Winter has officially arrived, and it is starting to get bitterly cold! When inches upon inches of snow trap us in our homes for a much-needed snow day, you might go to the crock-pot to make something warm to keep the chill away.  Stews and soups have always been a favorite meal, and for a variety of reasons. Soup is great for anyone on a budget, for convenience in a busy life, or  for big families with multiple mouths to feed. However, you might find yourself using canned soup to aid in making the perfect dish during those cold days. You might not be aware of how much sodium is in a serving of soup, let alone the whole can (yes there are multiple servings per can)!  Some recipes call for canned soups, and some of these choices (such as cream of mushroom or cream of chicken) have very high amounts of sodium. 

 

Did you Know?  One can of Campbell's Cream of Mushroom soup has 2,125 mg of sodium (and that's before you've added milk).  That's your entire day's sodium in one bowl!

 

The FDA (Food and Drug Administration) recommends that the average adult gets around 2,300 mg of sodium per day. Continuous high amounts of sodium in the diet can lead to health problems such as high blood pressure. This can be a big problem if you frequently use canned soups for recipes. 

 

There’s no need to give up on using canned soups entirely, but there are ways to reduce at least some of the sodium. 
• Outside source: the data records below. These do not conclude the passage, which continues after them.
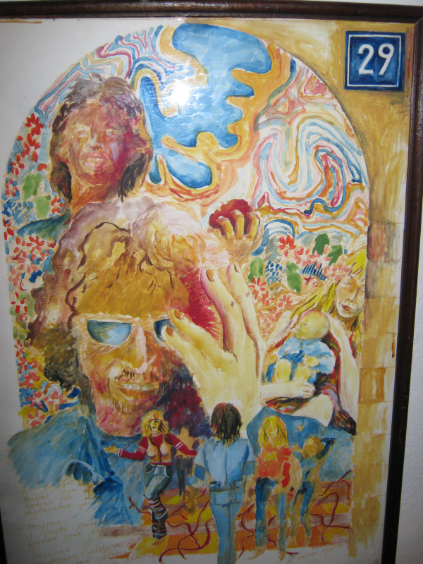 DraganKosovac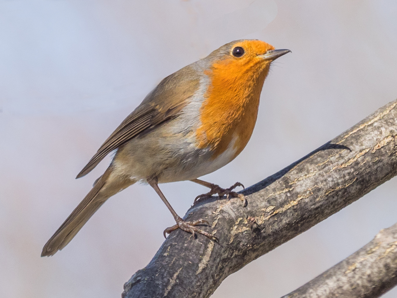 Vaxholm, Sweden, April 2018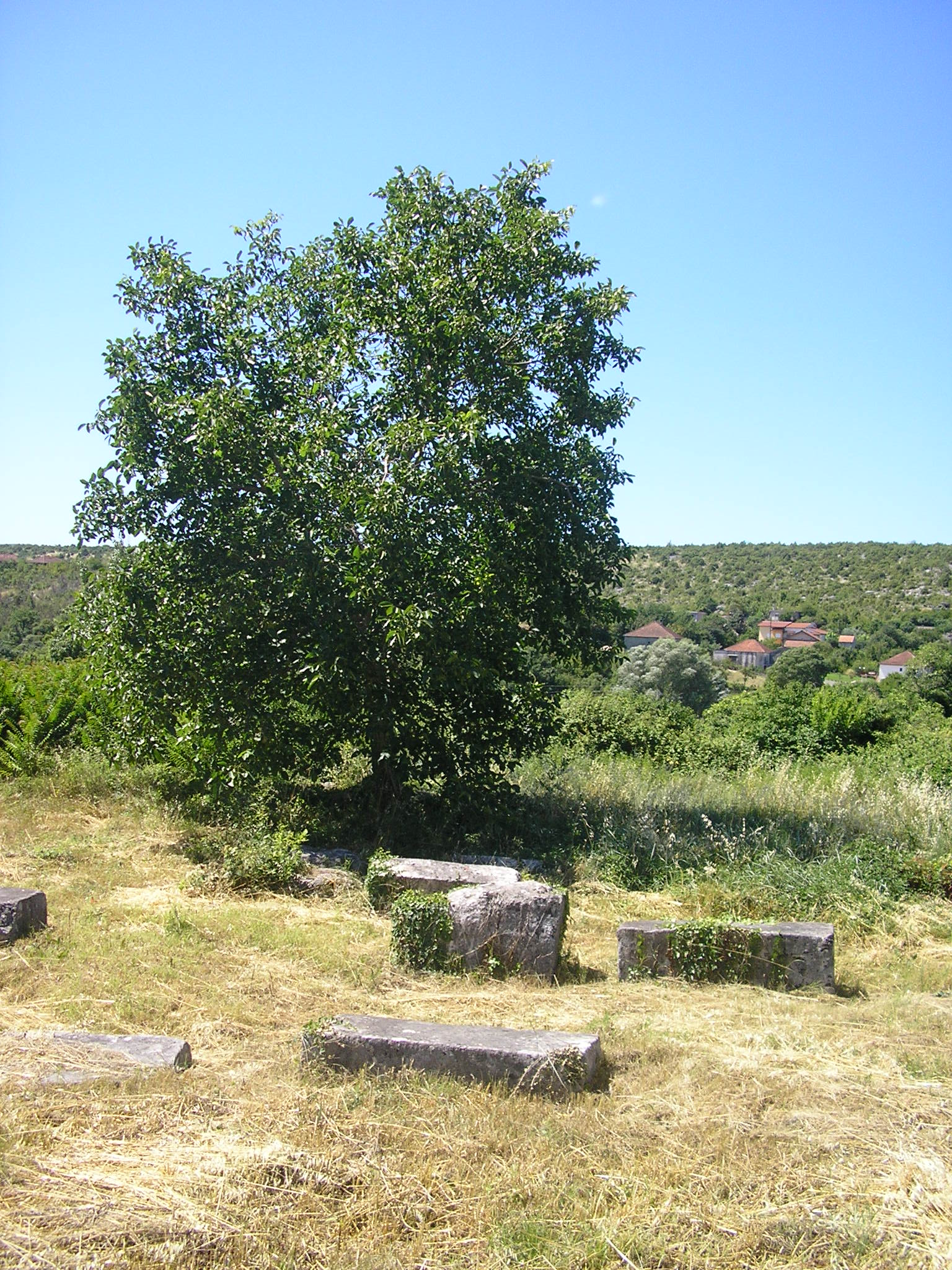 Studenci necropolis

  • Get comfortable looking at the food label. All packaged foods are required to list the amount of sodium per serving, so give the nutrition facts panel a quick check.

  • Statements like “reduced sodium” or “heart healthy” don’t always mean it’s a good choice.  For example, reduced sodium soup can still have nearly 700 mg of sodium per serving!  If you have the choice, select a "low sodium" soup or broth.  Those varieties will be <140 mg of sodium per serving

  • If you can't find low sodium soups, aim for soups that have 400 mg or less of sodium per serving. 

  • Another tip is to add ½ cup of additional water to each cup of soup during cooking.  This doesn’t change the taste much and lowers the amount of sodium in each serving. 

  • Lastly, add fresh or frozen vegetables or grains to soups. Adding vegetables like onions, garlic, carrots, etc. add a lot of flavors, with no extra sodium.